Hacker News new | ask | show | jobs
by dragonwriter 3036 days ago
As I gather a the Patriot was a mobile anti-aircraft / anti-cruise missile platform that was meant to move, be activated when needed, and then be turned off and move again because the original location was expected to become a target. It was pressed, on short notice (with some software upgrades, but not the normal cycle of specs, development, and validation that would go into that kind of repurposing) into stationary, continuous coverage, anti-ballistic-missile (critically, dealing with much faster targets than originally envisioned, which means short warning times where deactivations have a lot more risk) use.

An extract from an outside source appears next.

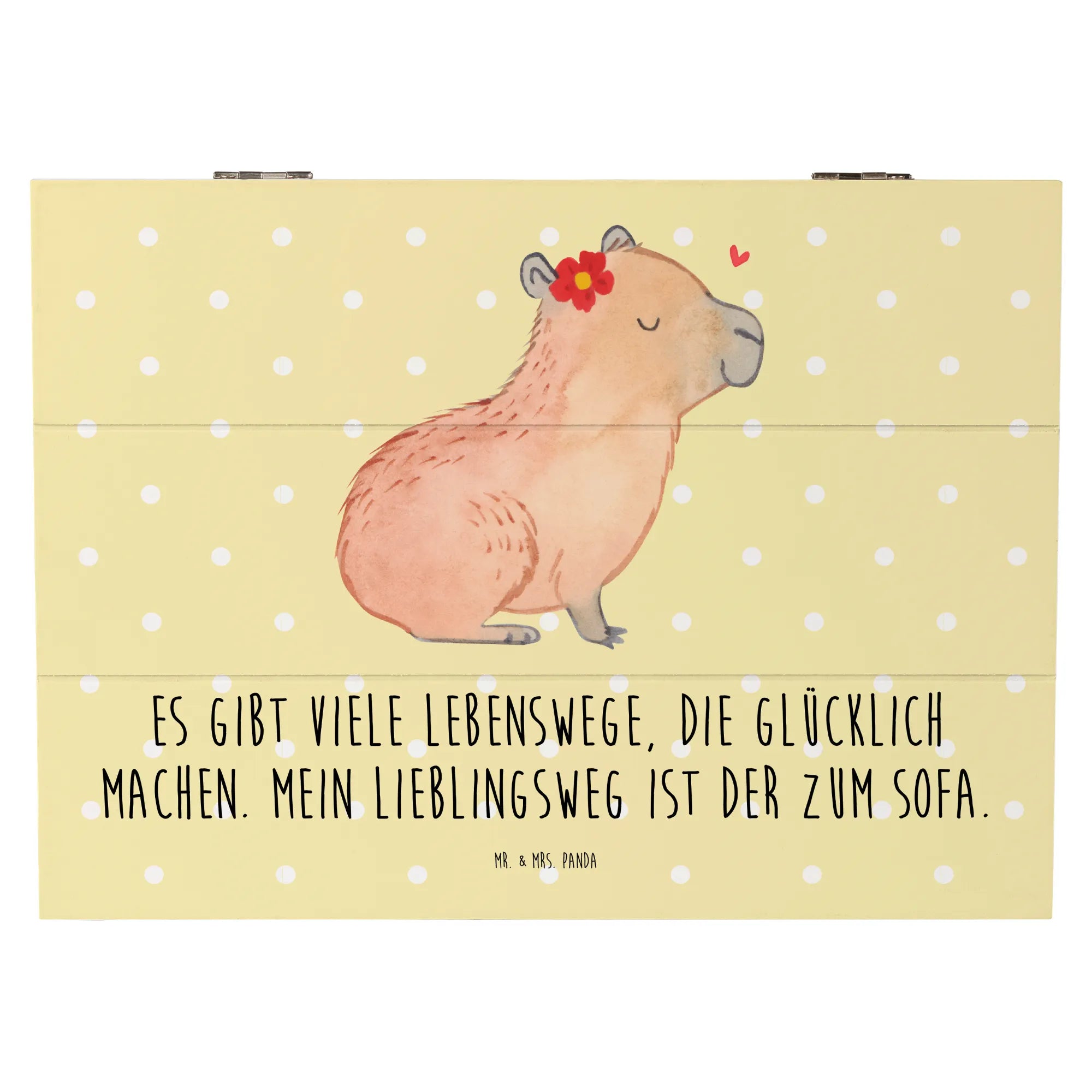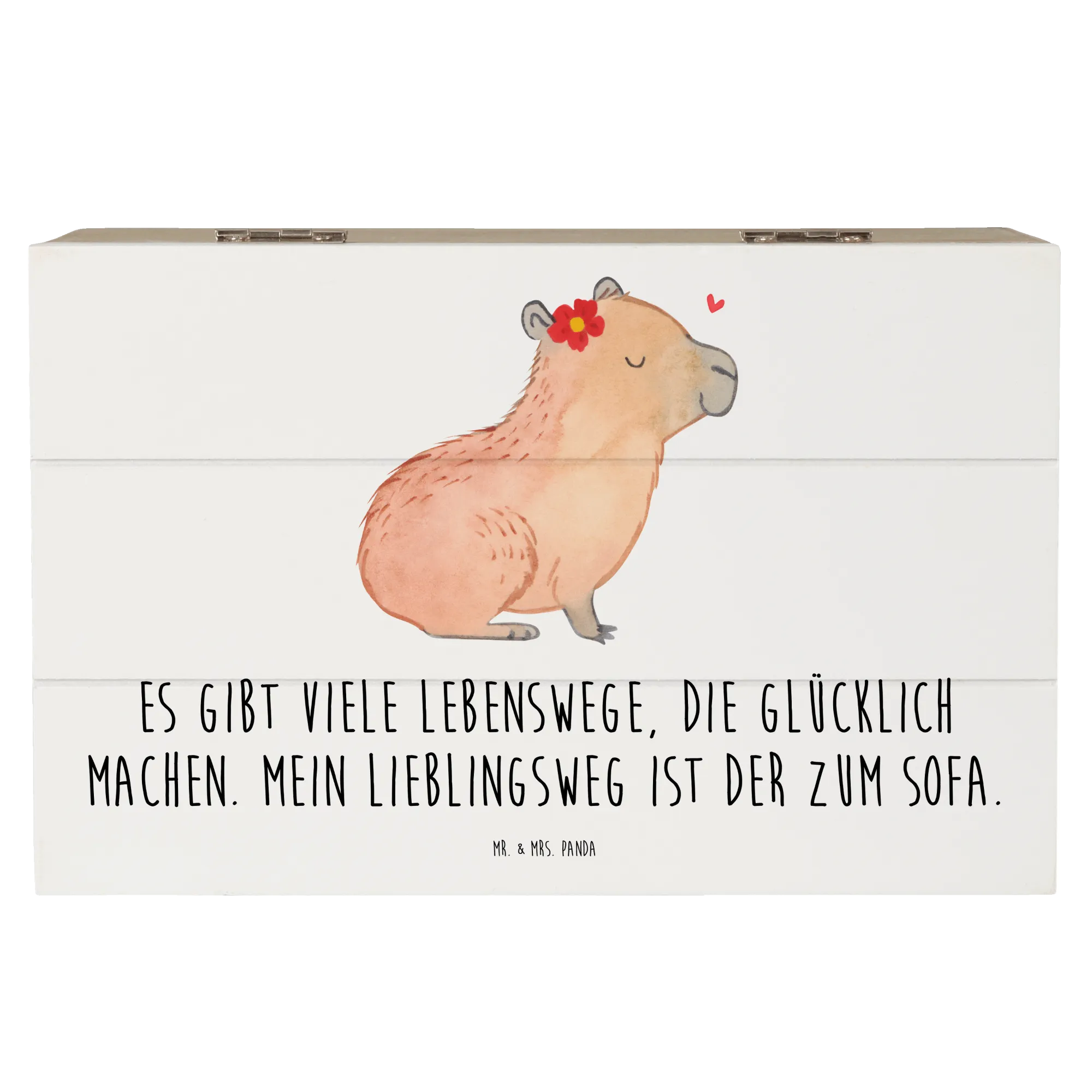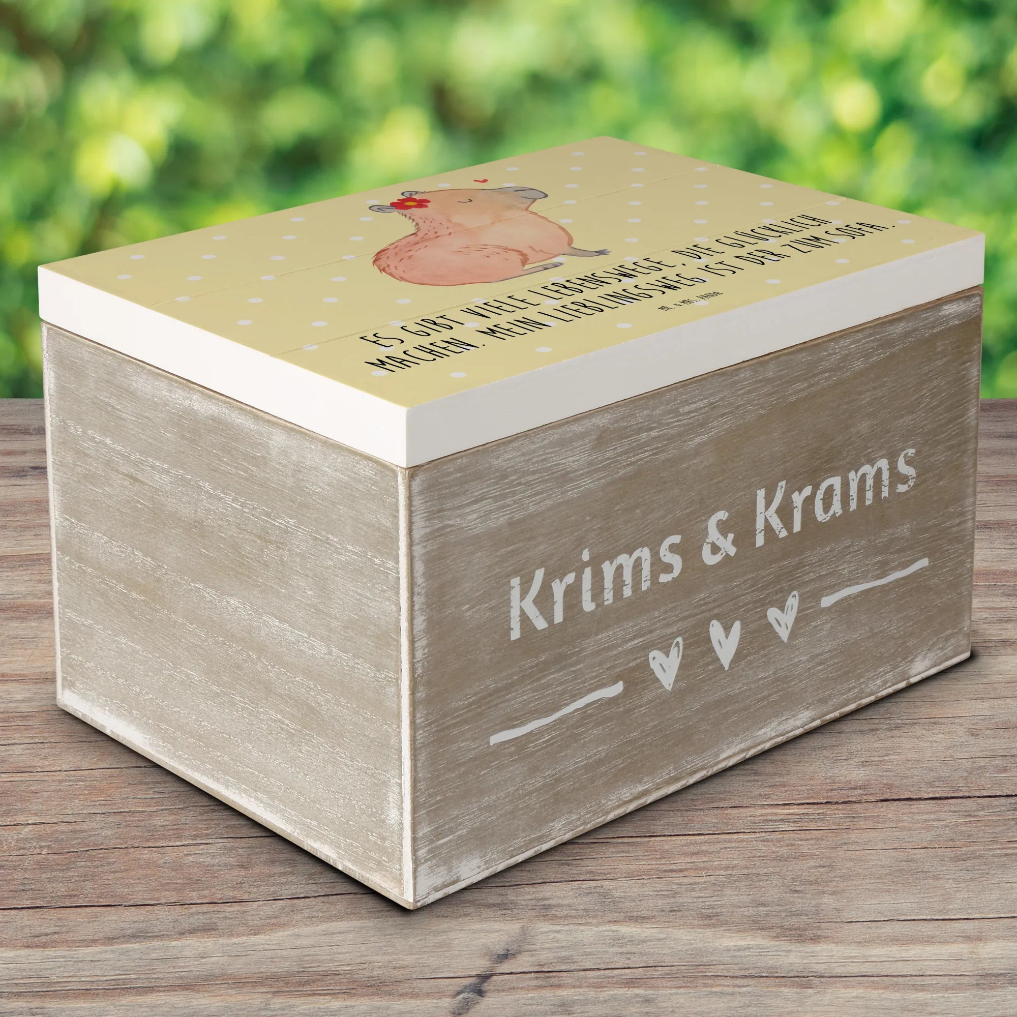 Beschenke deine Liebsten oder dich selbst mit der Holzkiste 'Capybara Blume' von Mr. & Mrs. Panda – der perfekte Aufbewahrungsort für all deine kleinen Schätze!

So, while it's horrible in results, it can be very easy to understand why basic functions would have specs not at all adapted to the use to which it was being put.

1 comments

There's a distinction to be made, though. There was no requirement that it be rebooted after some period of time, though there was an expectation that this would happen by the original developers. Consequently it was not evaluated for 20 hour or 100 hour performance. That's a critical distinction in developing, testing, and fielding systems. And the way we term it in our requirements documents reflects this. We rarely say: System SHALL fail after some period. Rather we say: System SHALL perform for some period. We leave the result of longer durations undefined. The system may work, or it may not, we aren't required to test it and so we don't. If the customer wants it to run longer, we can evaluate it but they have to communicate that back to us (or to the testing facilities, which may not be the developers).

Similarly, with regards to the speed of the missiles, the requirement would not be: System SHALL fail to detect missiles above some threshold speed. But rather: System SHALL detect missiles below some threshold speed. This leaves open the possibility that it may be more or less accurate outside that range. It should be documented for the operators as a potential for failure: System may be ineffective against missiles operating above X m/s. But the requirements wouldn't include that detail.

This pushes the problem into the documentation and training. Since it was originally designed as a mobile platform with short run-times, there was no explicit operating procedure requiring reboots. It was just assumed. At the same time, the failure itself (after 20 hours) was unknown because testing hadn't been done to see what would happen.